What you should do >> A word-for-word copy of the entries, with images excluded, is the expected answer.

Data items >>
◇ ◇ ◇ ◇ ◇
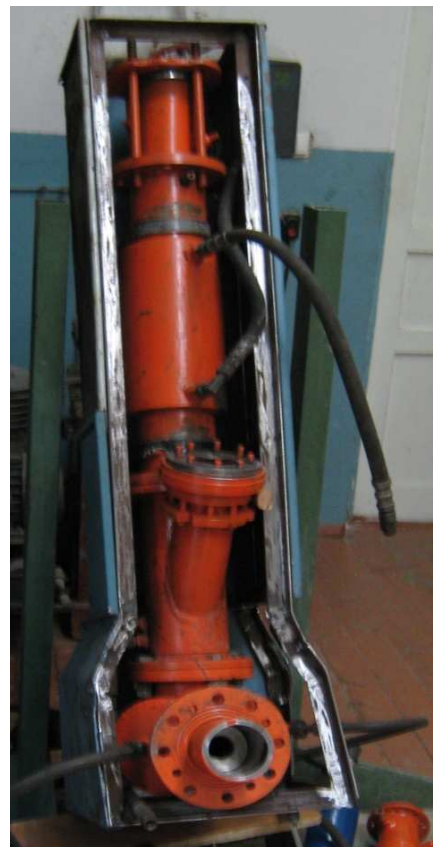
Рисунок 3 – Модульний газогідратний реактор

Для дослідження вищезгаданих механізмів і процесів утворення та розкладення газогідратів у природних геологічних структурах і за термобаричних параметрів, відповідно до умов ГГП Чорного моря в лабораторії «Газогідратні технології в нафтогазовому комплексі України» кафедри ВНГ ПолтНТУ розроблено проект експериментальної установки, основним елементом якої є модульний газогідратний реактор (рис. 3). У ньому можна буде підтримувати тем-
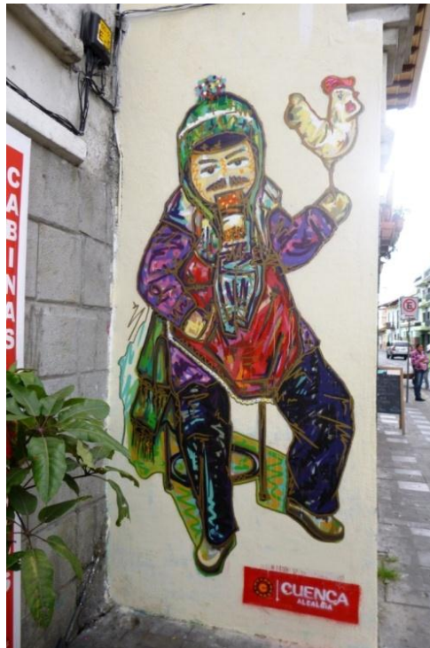
EJECUCIÓN Grafiti Legal: Calle Larga. Cuenca- Ecuador. (2014)
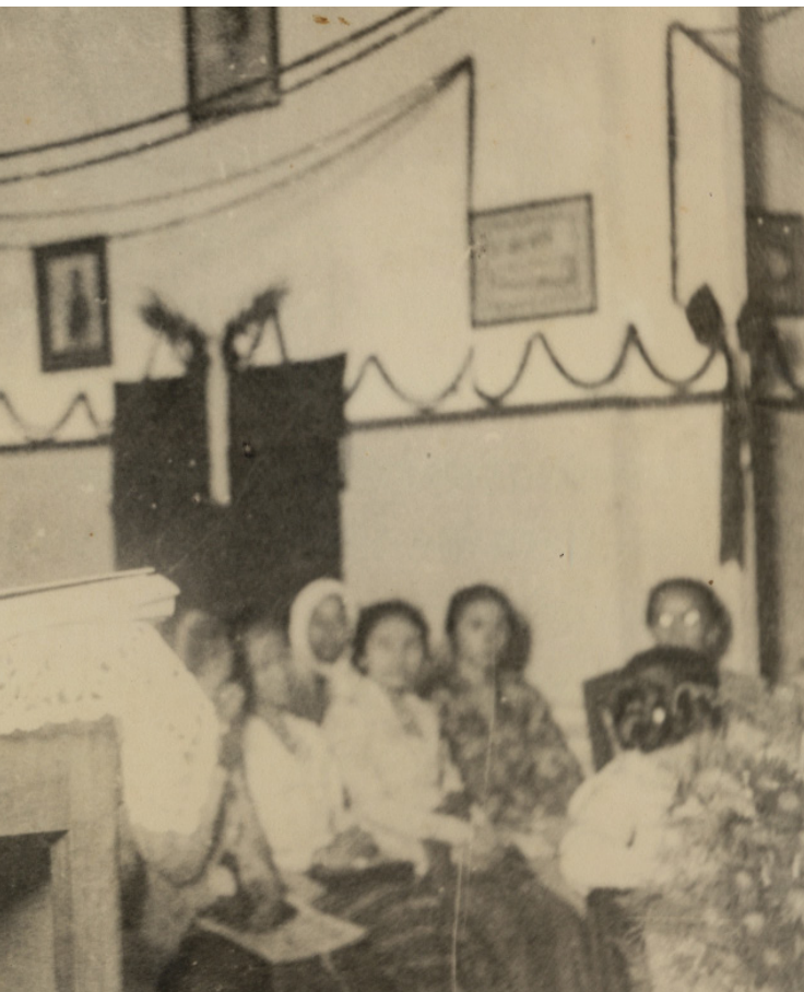
Dr. Soetomo menyampaikan pidatonya pada Kongres PPII di Surabaya pada 13 Desember 1930.
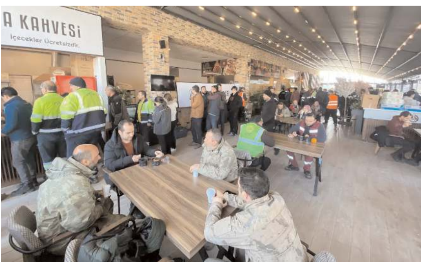
Yeniden Hayat Lokantası ücretsiz olarak hizmet veriyor.
◇ ◇ ◇ ◇ ◇
Task answer >>
Рисунок 3 – Модульний газогідратний реактор

Для дослідження вищезгаданих механізмів і процесів утворення та розкладення газогідратів у природних геологічних структурах і за термобаричних параметрів, відповідно до умов ГГП Чорного моря в лабораторії «Газогідратні технології в нафтогазовому комплексі України» кафедри ВНГ ПолтНТУ розроблено проект експериментальної установки, основним елементом якої є модульний газогідратний реактор (рис. 3). У ньому можна буде підтримувати тем-
EJECUCIÓN Grafiti Legal: Calle Larga. Cuenca- Ecuador. (2014)
Dr. Soetomo menyampaikan pidatonya pada Kongres PPII di Surabaya pada 13 Desember 1930.
Yeniden Hayat Lokantası ücretsiz olarak hizmet veriyor.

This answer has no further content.